In fact, if you look at it this way, the fact that C is less expressive than C++ can be a feature. Having to write things like "obj->ops->fn(obj, foo)" instead of "obj->fn(foo)" makes explicit the extra costs (in this case, an additional memory read for the vtable and the extra "hidden" parameter).

Writing kernel modules in Haskell

Posted Sep 14, 2009 0:32 UTC (Mon) by bjacob (subscriber, #58566) [Link]

All these arguments are indeed defendable --- but again, they are arguments against using C++ throughout the kernel, and hardly constitute an argument against using C++ internally in the back-end of a kernel module.

That said, if we discuss why C++ isn't used throughout the kernel --- I understand your point. One remark though: about your first paragraph, one might turn the argument upside down and say that C is evil because a function named print_hello() may actually do a lot of malloc's and send a network packet too ;) The difference between C++ and C here is that functions in C++ may appear is more various forms than in C (operators, constructors, etc). It's really a matter of knowing what to expect: an experienced C++ programmer will understand spontaneously when an operator+ is likely to have to allocate memory for the result. Which takes us back to what is really Linus' best argument against C++ throught the kernel, and to your last paragraph... in other words, we agree.

Writing kernel modules in Haskell

Posted Sep 14, 2009 6:13 UTC (Mon) by drag (subscriber, #31333) [Link]

Well a module is still just a hunk of the kernel and for best results, long-
term, it should be every modules goal to get integrated into the kernel
proper. Therefore its counter productive to use any language other than the C
version that is acceptable by the kernel folks.

Now the haskell thing is a interesting experiment and as such it does not
make sense to be constrained by conventions.. But it may make some change to
the status quo if something is learned from it. So it's neat.

Writing kernel modules in Haskell

Posted Sep 14, 2009 15:17 UTC (Mon) by bfields (subscriber, #19510) [Link]

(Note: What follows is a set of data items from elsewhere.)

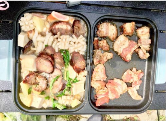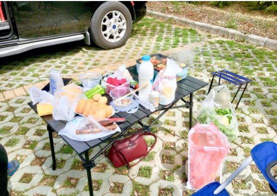 逛了一圈回来 ,邻居正在紧锣密鼓的张罗着野炊的桌椅和食材。下图为记录仪截图,正前方的车就是邻居的车,他的车上工具那才叫一个齐全,自驾游野营野炊的一应俱全。
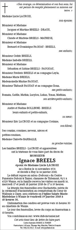 Décédé à Huy (4500) le dimanche 14 janvier 2018 à l'âge de 86 ans
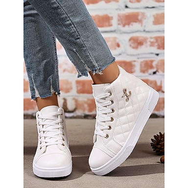 Tênis feminino branco acolchoado de cano alto, sapatos plataforma com cadarço e detalhes dourados, calçados casuais estilosos para uso diário e passeios
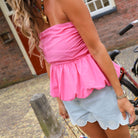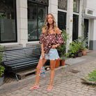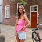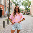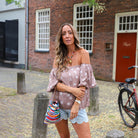 Upgrade je zomergarderobe met deze prachtige 'broderie' denim shorts in een lichte denim kleur. Wat deze short echt uniek maakt, zijn de delicate broderie details en de golvende randen aan de onderkant, die een vrouwelijk en speels tintje geven.

they are arguments against using C++ throughout the kernel, and hardly constitute an argument against using C++ internally in the back-end of a kernel module.

I don't see how you're using that distinction.

The bulk of the kernel is drivers. If drivers were written in a variety of languages, that would make the drivers as a whole more difficult to maintain.

Writing kernel modules in Haskell

Posted Sep 14, 2009 7:36 UTC (Mon) by alankila (subscriber, #47141) [Link]

Quibble: a = b can be a struct copy. It will turn into a memcpy, if I recall correctly.

Writing kernel modules in Haskell

Posted Sep 14, 2009 13:20 UTC (Mon) by cesarb (subscriber, #6266) [Link]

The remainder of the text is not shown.